• _Problem details_
Taking the data below, please print only the lines from the line holding "5月26號廣西青年志愿者12" to the line holding "5 months-5 years", inclusive, with pictures omitted.

• _Task inputs_
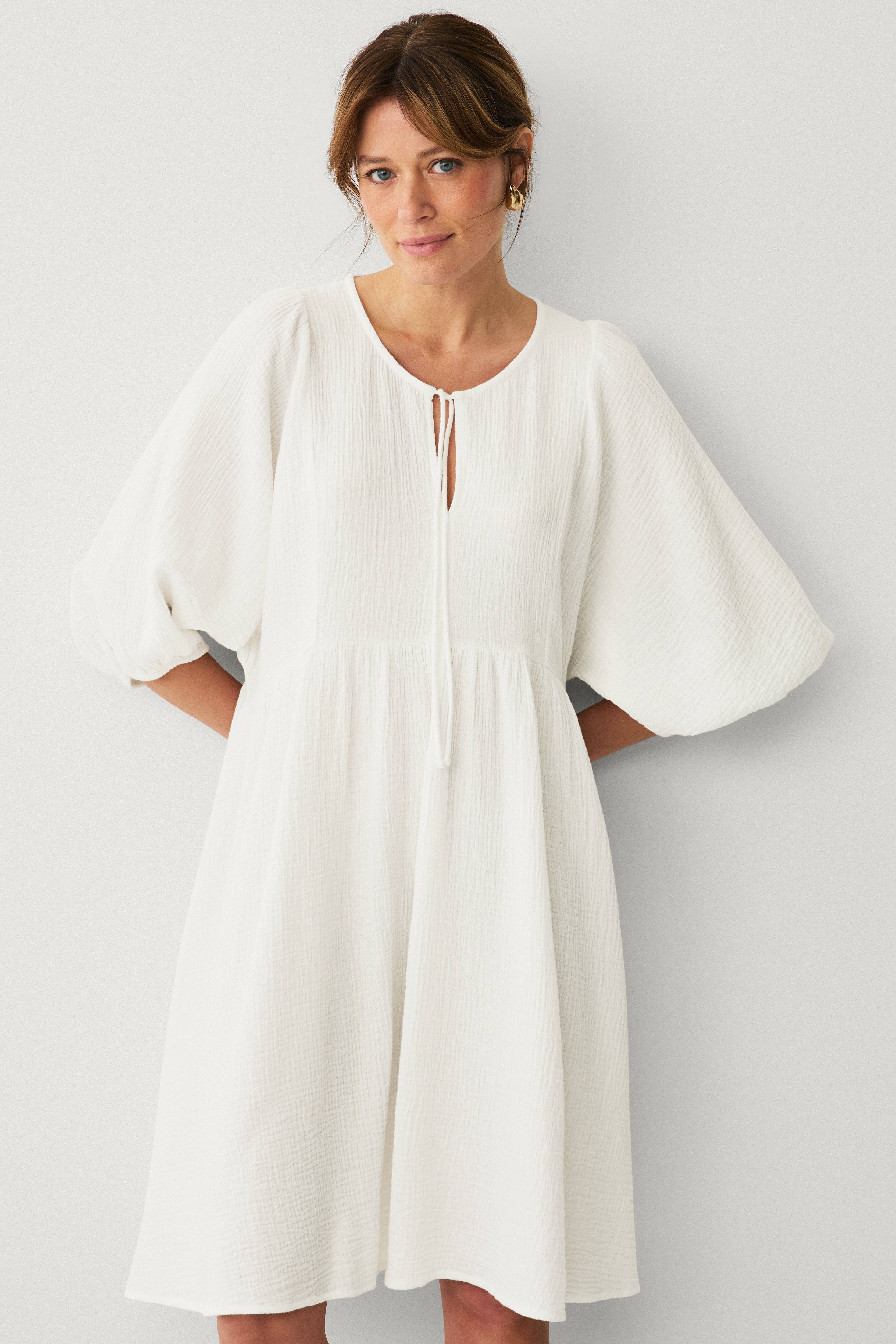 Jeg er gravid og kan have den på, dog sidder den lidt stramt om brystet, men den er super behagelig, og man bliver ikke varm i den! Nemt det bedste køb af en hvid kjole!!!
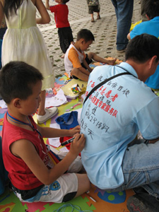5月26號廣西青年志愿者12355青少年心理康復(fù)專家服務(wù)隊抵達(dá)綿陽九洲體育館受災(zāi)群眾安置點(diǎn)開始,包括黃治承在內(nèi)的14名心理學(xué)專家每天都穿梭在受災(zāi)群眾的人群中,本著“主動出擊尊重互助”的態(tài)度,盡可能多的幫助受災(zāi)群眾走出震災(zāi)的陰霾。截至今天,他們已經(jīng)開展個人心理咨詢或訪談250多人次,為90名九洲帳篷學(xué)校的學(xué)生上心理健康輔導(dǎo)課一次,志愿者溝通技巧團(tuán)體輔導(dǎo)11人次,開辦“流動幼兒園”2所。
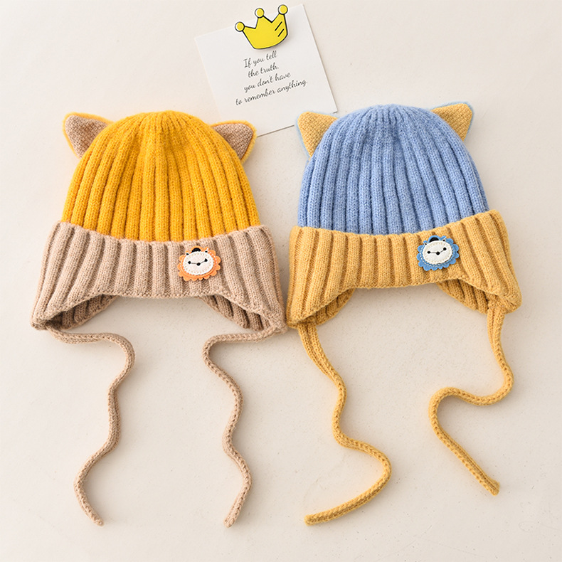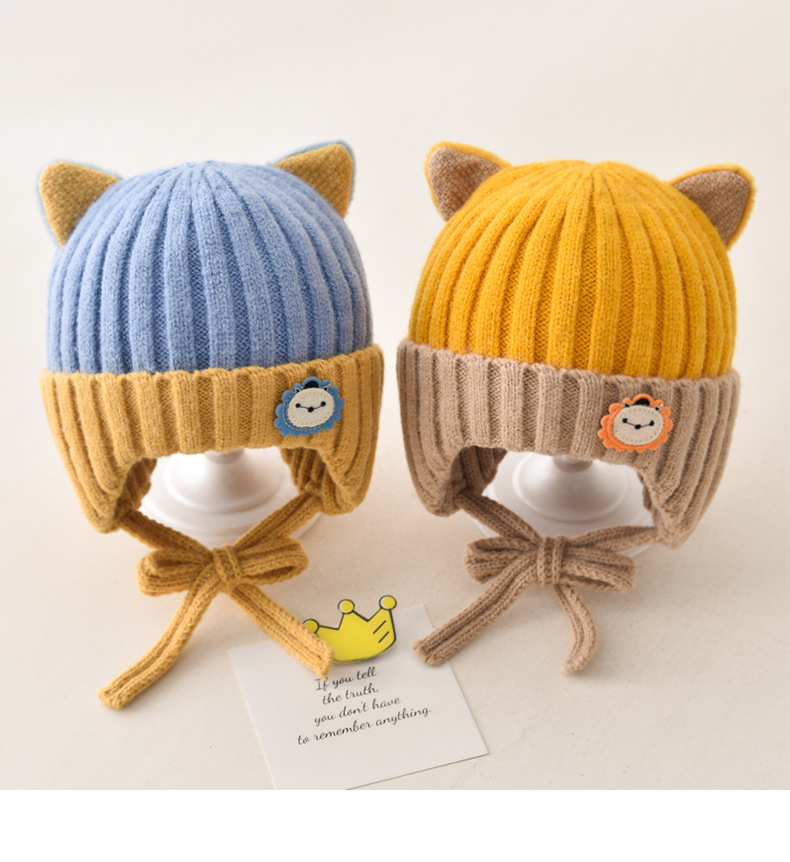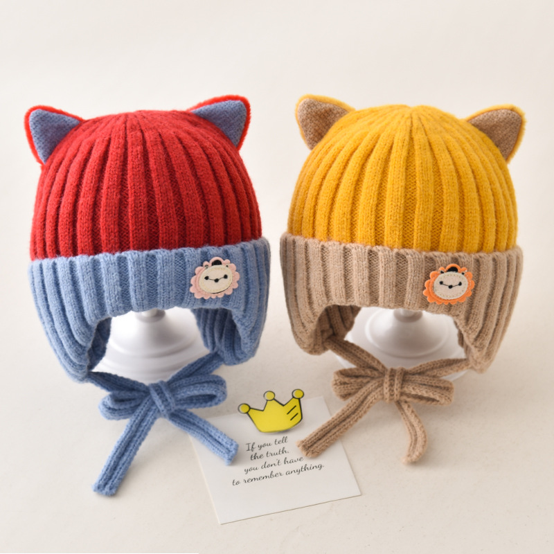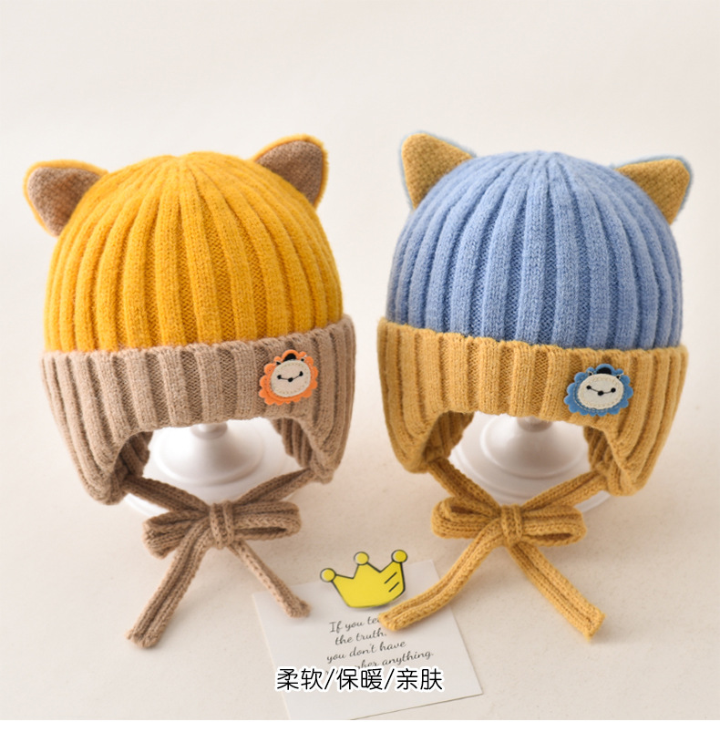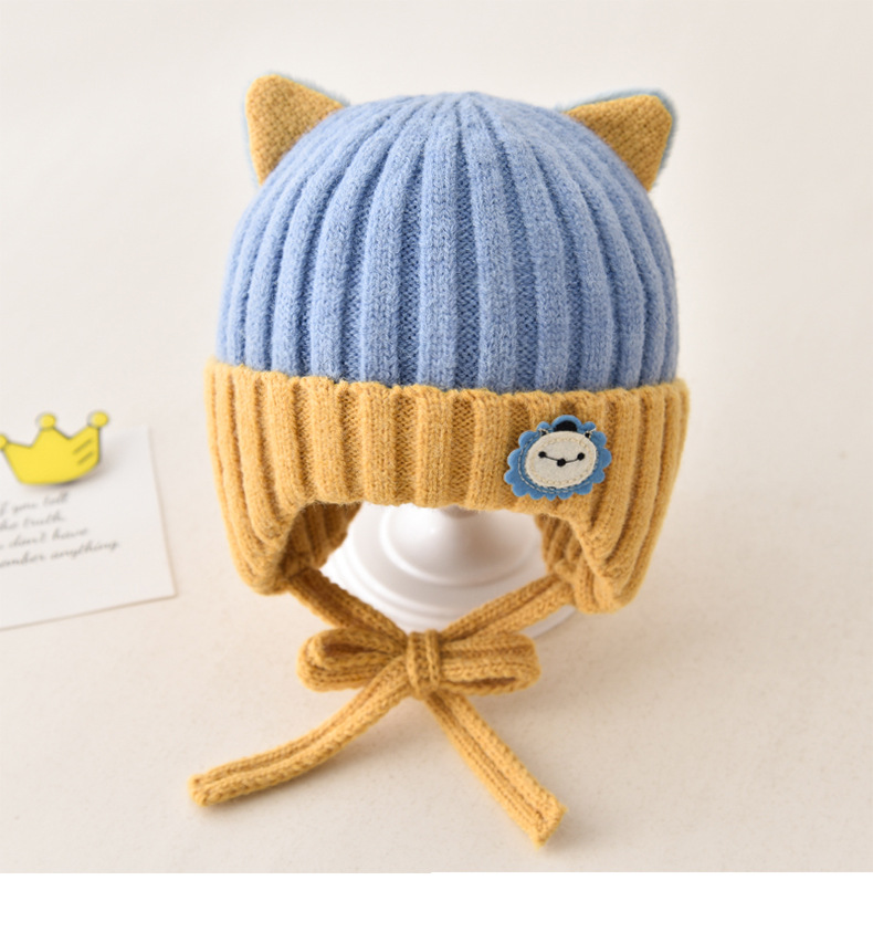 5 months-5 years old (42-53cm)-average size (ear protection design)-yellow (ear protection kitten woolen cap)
---
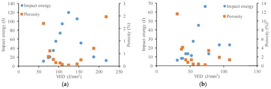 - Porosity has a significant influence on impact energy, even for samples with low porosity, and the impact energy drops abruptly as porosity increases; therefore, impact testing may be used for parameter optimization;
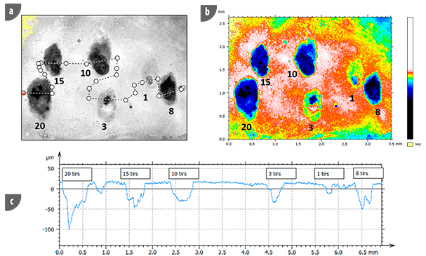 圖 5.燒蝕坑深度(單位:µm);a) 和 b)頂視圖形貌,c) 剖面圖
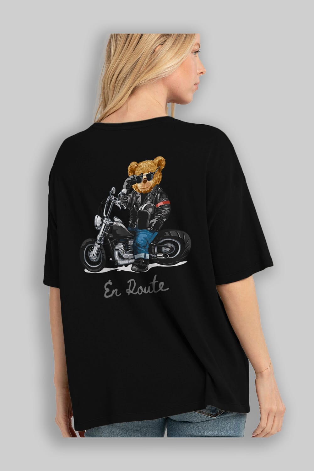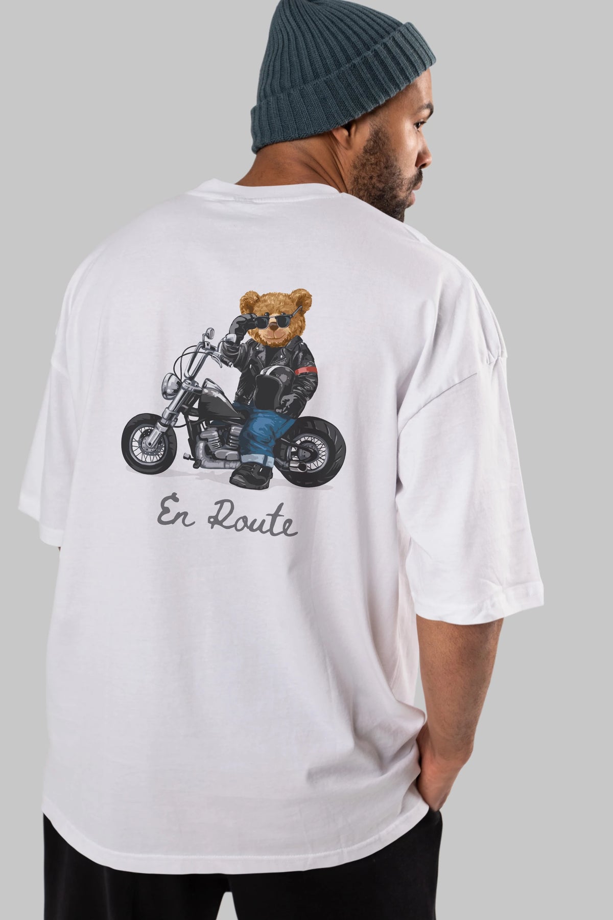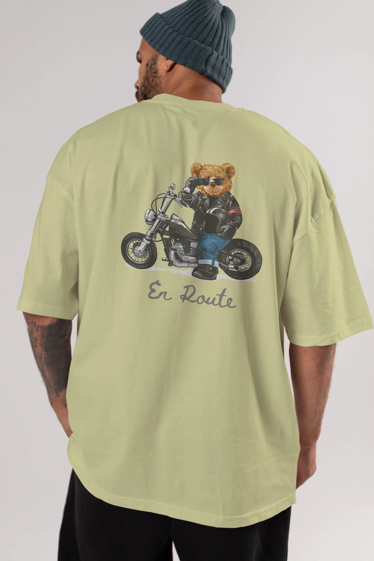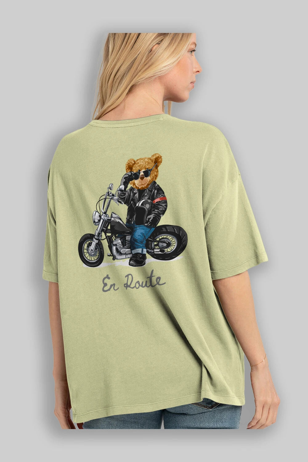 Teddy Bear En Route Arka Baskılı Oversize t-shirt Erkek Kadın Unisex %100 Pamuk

• _Your response_
5月26號廣西青年志愿者12355青少年心理康復(fù)專家服務(wù)隊抵達(dá)綿陽九洲體育館受災(zāi)群眾安置點(diǎn)開始,包括黃治承在內(nèi)的14名心理學(xué)專家每天都穿梭在受災(zāi)群眾的人群中,本著“主動出擊尊重互助”的態(tài)度,盡可能多的幫助受災(zāi)群眾走出震災(zāi)的陰霾。截至今天,他們已經(jīng)開展個人心理咨詢或訪談250多人次,為90名九洲帳篷學(xué)校的學(xué)生上心理健康輔導(dǎo)課一次,志愿者溝通技巧團(tuán)體輔導(dǎo)11人次,開辦“流動幼兒園”2所。
 5 months-5 years old (42-53cm)-average size (ear protection design)-yellow (ear protection kitten woolen cap)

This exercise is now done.